Fundamental Physics: It bridges the gap between macroscopic quantum superpositions and microscopic vortex dynamics, confirming that topological constraints in closed loops enforce global phase coherence even during dissipative flow.
Applications:
- Non-reciprocal Devices: The system can be extended to create "Josephson diodes" using asymmetric barriers or synthetic gauge fields.
- Precision Sensing: The ring geometry serves as a natural Sagnac interferometer, promising compact, high-sensitivity gyroscopes for multi-axis rotation sensing (navigation and geodesy).

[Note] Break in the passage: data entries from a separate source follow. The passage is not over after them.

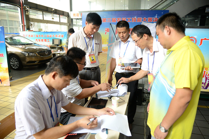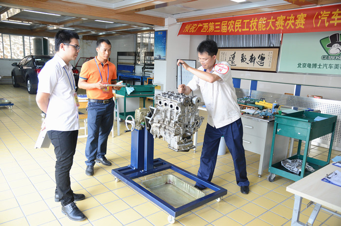 據悉(xī),廣西農民(mín)工技能大賽已經成功舉辦了三屆,其中汽車修理(lǐ)工賽項是首次進入比賽,即有滿額選手參加總決賽。此次大賽的參賽選手都發揮了較高的水平(píng),展示了汽車修理工的良好精神風貌、過高(gāo)的業務素質和專業的技(jì)術(shù)水平。
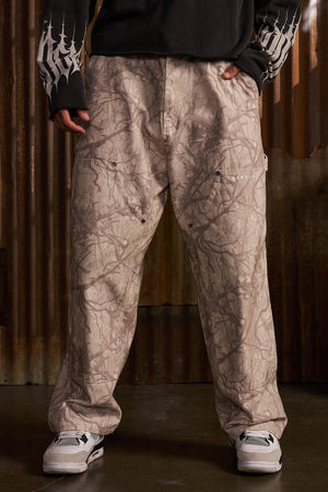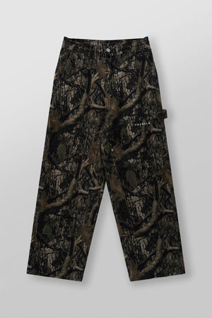 DESIGN: These YoungLA Tree Camo Jeans bring a rugged, street-ready vibe to your look. Made from twill fabric with a baggy carpenter fit, they’re built for comfort and durability. The unique tree camo print comes in three earthy shades, giving you options to match your style. Logo-embossed buttons add a signature touch.
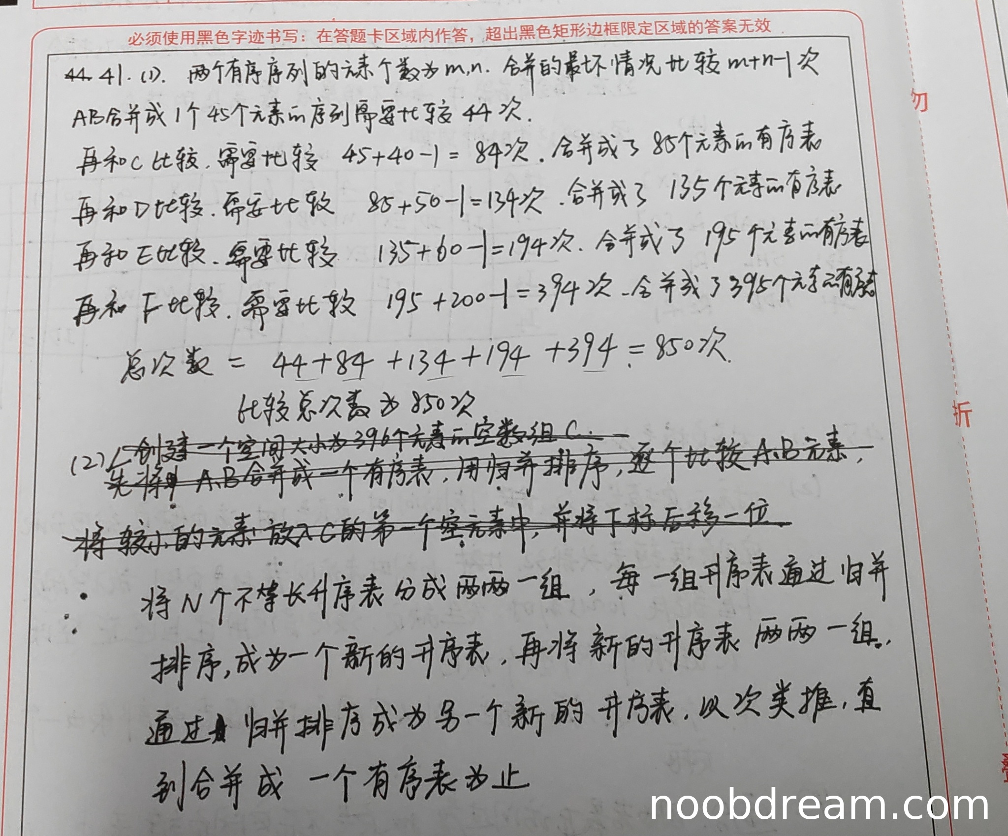 学生描述的策略是“将N个不等长升序表分成两两一组,每一组升序表通过归并排序,成为一个新的升序表,再将新的升序表两两一组,通过归并排序成为另一个新的升序表,以此类推,直到合并成一个有序表为止”。这是一种两两合并的策略,但没有说明如何选择合并顺序(例如,是否优先合并较短的表)。标准答案强调应借用哈夫曼树思想,依次选择最短的两个表合并。学生的策略虽然能完成合并,但未体现最优合并顺序,因此根据评分说明,采用其他策略但能完成合并的给2分。本部分得分2分。
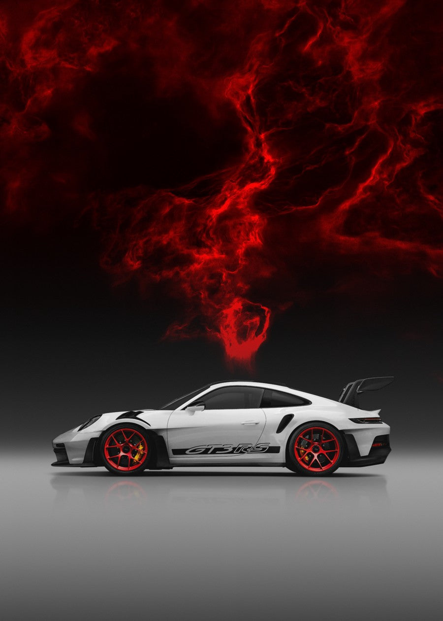 A sleek white Porsche 911 GT3 RS with a large spoiler drives down an endless, empty road under a dramatic, cloudy sky. It’s a symbol of spee
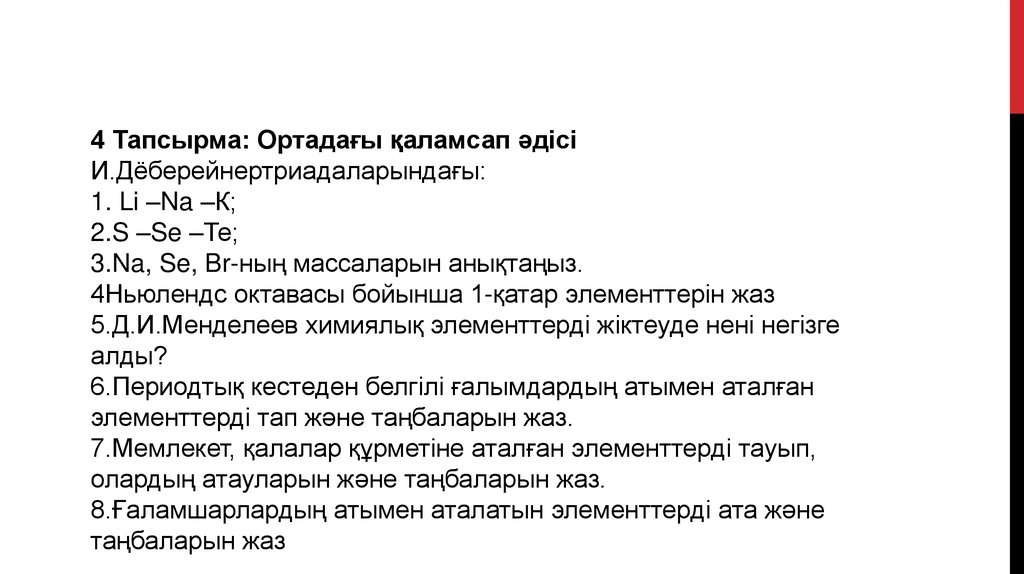 4 Тапсырма: Ортадағы қаламсап әдісіИ.Дёберейнертриадаларындағы:
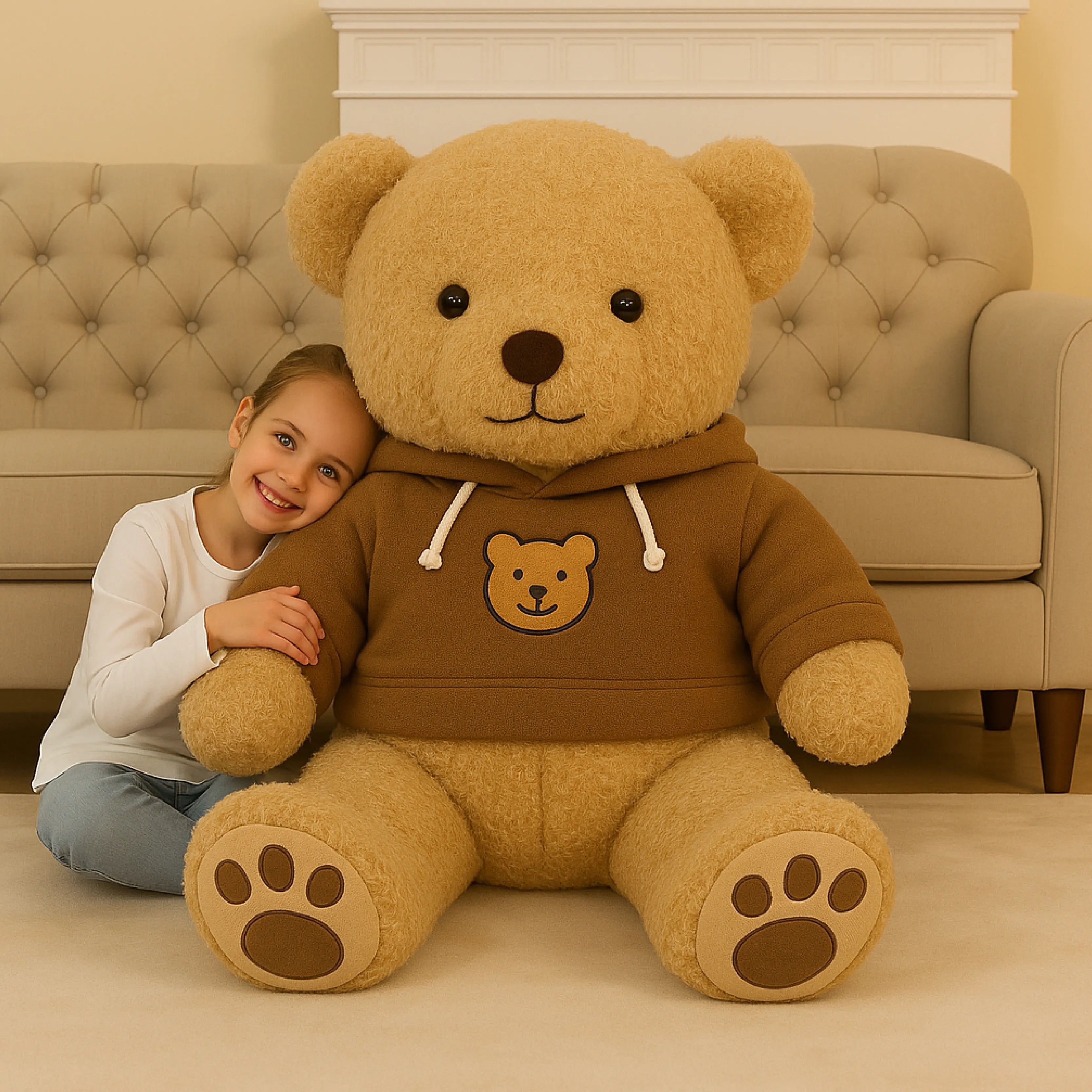Make every cuddle extra special with this large hoodie teddy bear plush toy (40–60 cm). Crafted with ultra-soft plush fabric, this adorable bear wears a cozy hoodie with a cute bear-face print, making it both huggable and stylish. Its generous size makes it perfect for kids to snuggle with or for adults to use as a decorative statement in bedrooms and living rooms. A perfect choice for birthdays, Valentine’s Day, baby showers, or as a thoughtful gift for your loved ones.
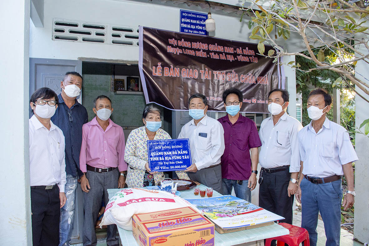 Hoạt động xây mới, sửa nhà, thăm hỏi, tặng quà các gia đình người Quảng Nam - Đà Nẵng có hoàn cảnh khó khăn là một trong những hoạt động thường niên của Hội. Qua đó tạo nhịp cầu kết nối, sẻ chia yêu thương, phát huy tinh thần “lá lành đùm lá rách” giữa những người con xứ Quảng tại BR-VT.
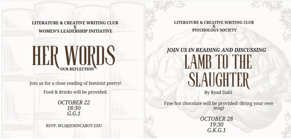 The Literature and Creative Writing Club Collaborate with the Women’s Leadership Initiative, Psychology Society and Queer Alliance to create a new series of events.
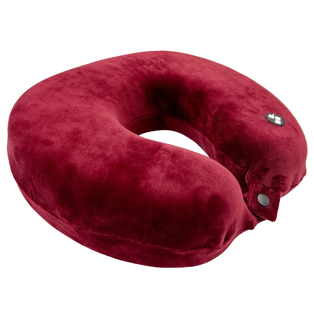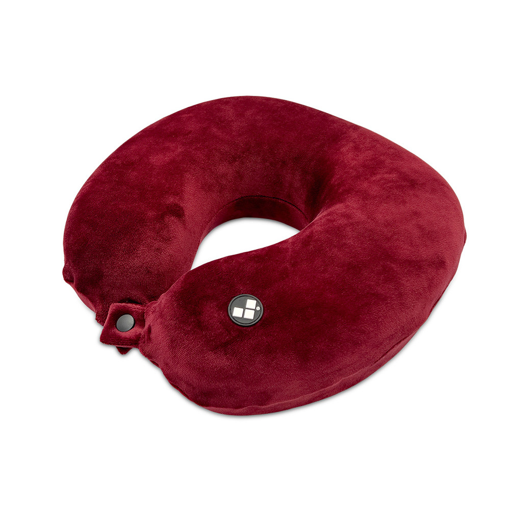 Удобная кнопочная застёжка надёжно фиксирует подушку на шее, а в комплект входит прочный круглый чехол на молнии — для компактного хранения и перевозки.
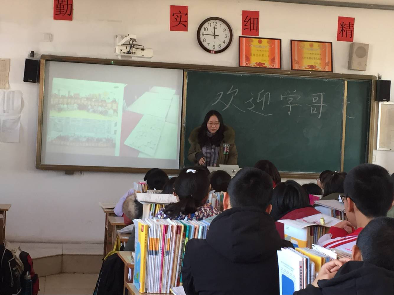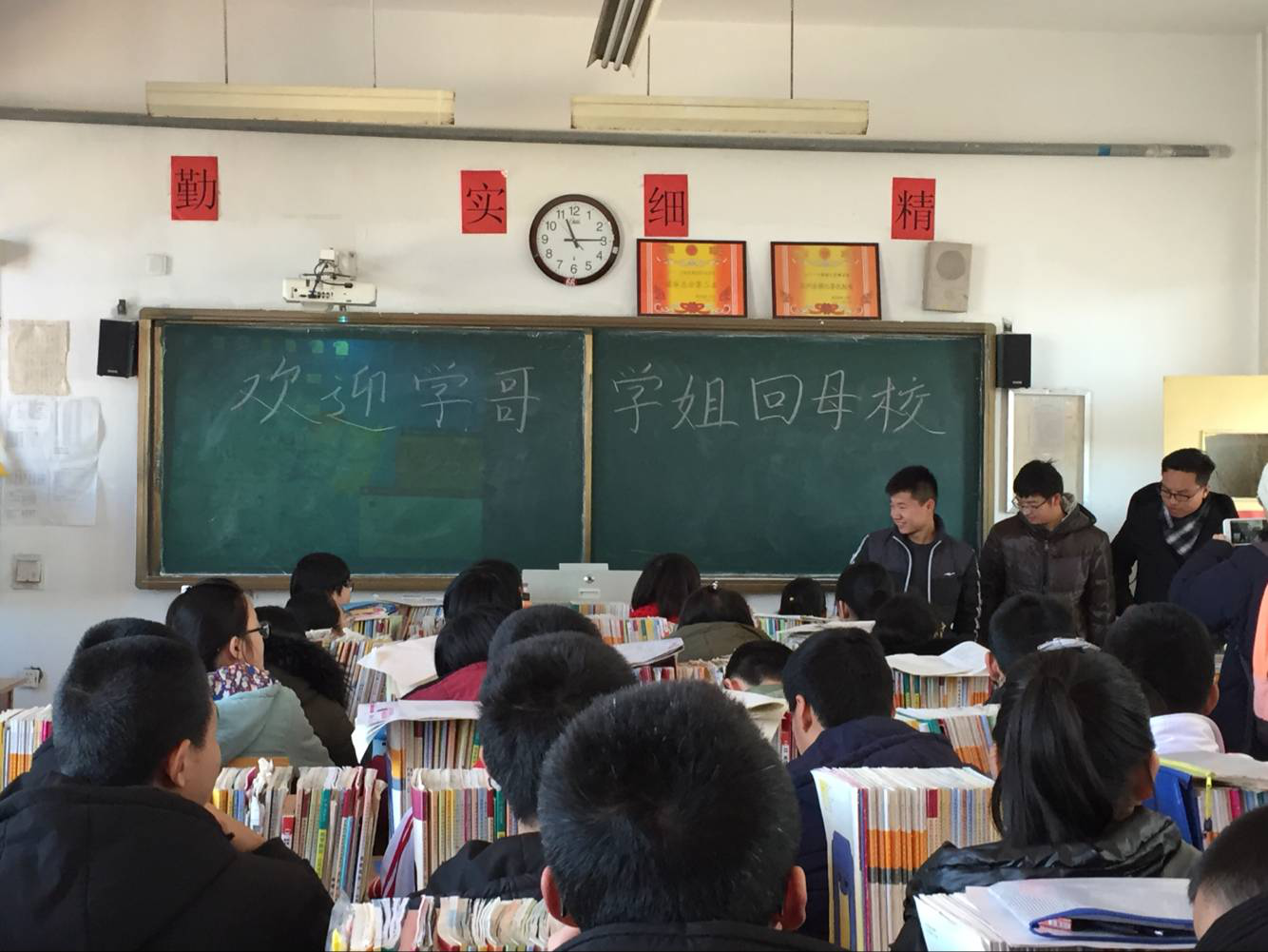 为积极响应我校开展母校行活动的号召,宣传我校综合实力与教学水平,进一步扩大我校影响力、为我校争取更多优秀生源,2018年2月8日,吉林大学2017级的穆双双、范珍友、张筝、甄芮芮、昝兆平和侯立虎来到母校商河一中,在与张筝同学高中时期的班主任见面后,一行人进入到了高三学子们所在的教学楼,准备开展回校宣讲活动。
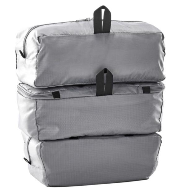 De Packing Cubes besparen je veel tijd bij het inpakken voor je fietstocht. De Cubes zijn een ideale opbergplek voor kleding, gereedschap, toiletartikelen en andere spullen. Het systeem is speciaal ontworpen voor kleine voorwerpen die vaak op de bodem van je koffers terechtkomen. De drie inzetstukken kunnen gestapeld worden in koffers. Alle Cubes zijn uitgerust met een praktische ritssluiting. Elke Cube heeft een extra binnen- en buitenvak voor het opbergen van kleine voorwerpen die u graag binnen handbereik wilt hebben.
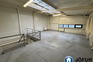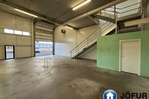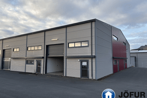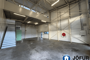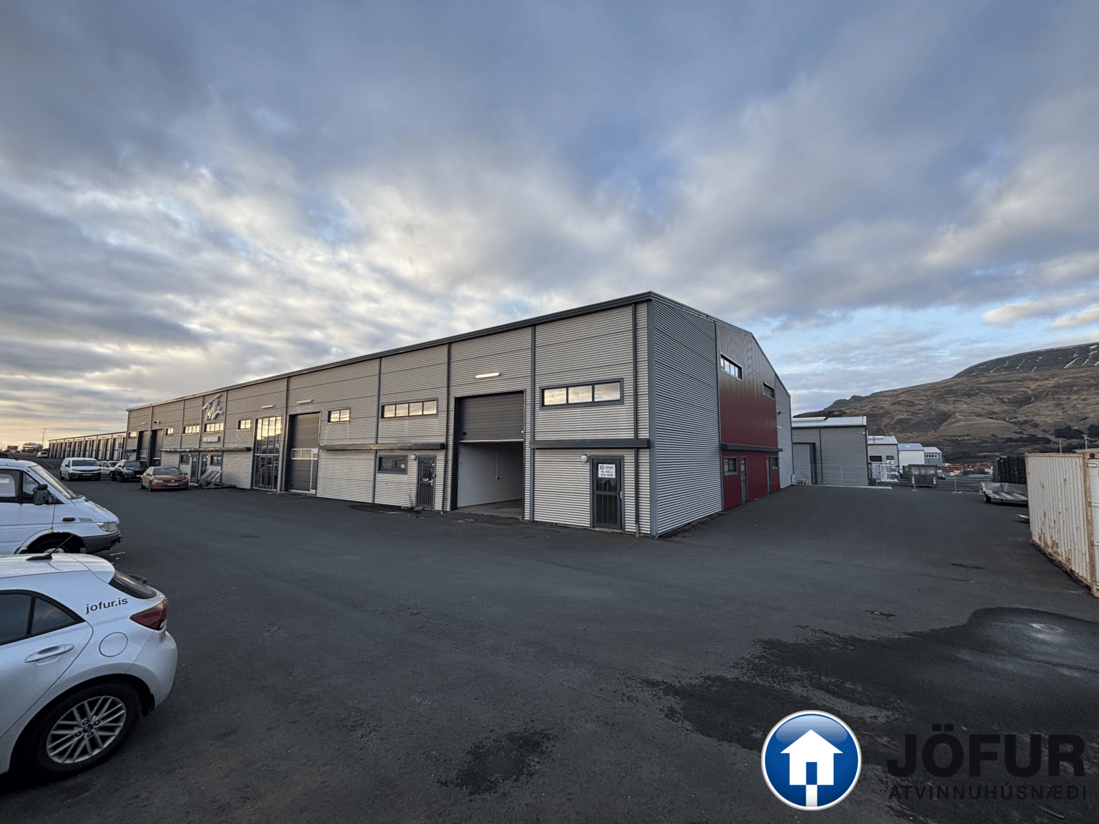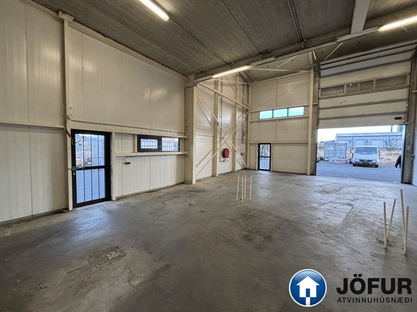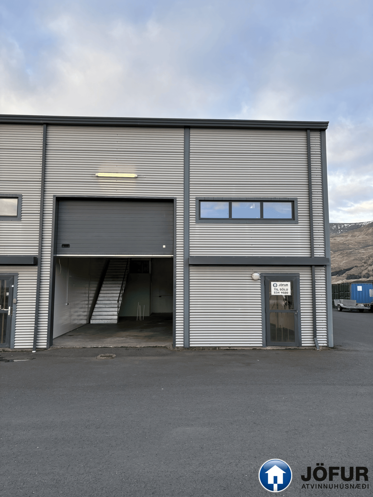 Eignin er stálgrindarhús sem skiptist í tvær hæðir. Jarðhæðin er 125,5 m² og er mest einn salur með inngöngudyrum á tvo vegu ásamt innkeyrsludyrum. Lofthæð við innkeyrsludyr er um 6,9 m. og innkeyrsludyrnar eru um 4,4 m. á hæð. Lofthæð undir millilofti er um 4,7 m. Niðurföll eru í gólfi og salernisaðstaða er á jarðhæð. 7 metrar inn að millilofti frá innkeyrsludyrum. Milliloftið er steypt, skráð 47,8 m², og er opið rými með þakgluggum og opnanlegum glugga. Þar eru einnig tveir miðstöðvarofnar. Brunaslönguhjól eru til staðar á báðum hæðum.Hitablásari er í sal. Malbikað bílaplan er við húsið. Ekki er til staðar vsk-kvöð á húsnæðinu. Eignin er laus við kaupsamning. Lyklar á skrifstofu Jöfurs, hafið samband til að skoða eignina.

- Quantum Simulation: The ability to image microscopic dynamics in real-time makes this system ideal for simulating complex quantum transport phenomena, such as flux-biased SQUID networks and topological qubits.

In summary, the paper provides a comprehensive experimental and theoretical framework for Josephson dynamics in 2D ring condensates, revealing the critical role of junction geometry and vortex nucleation in determining transport regimes, and paving the way for advanced atomtronic devices.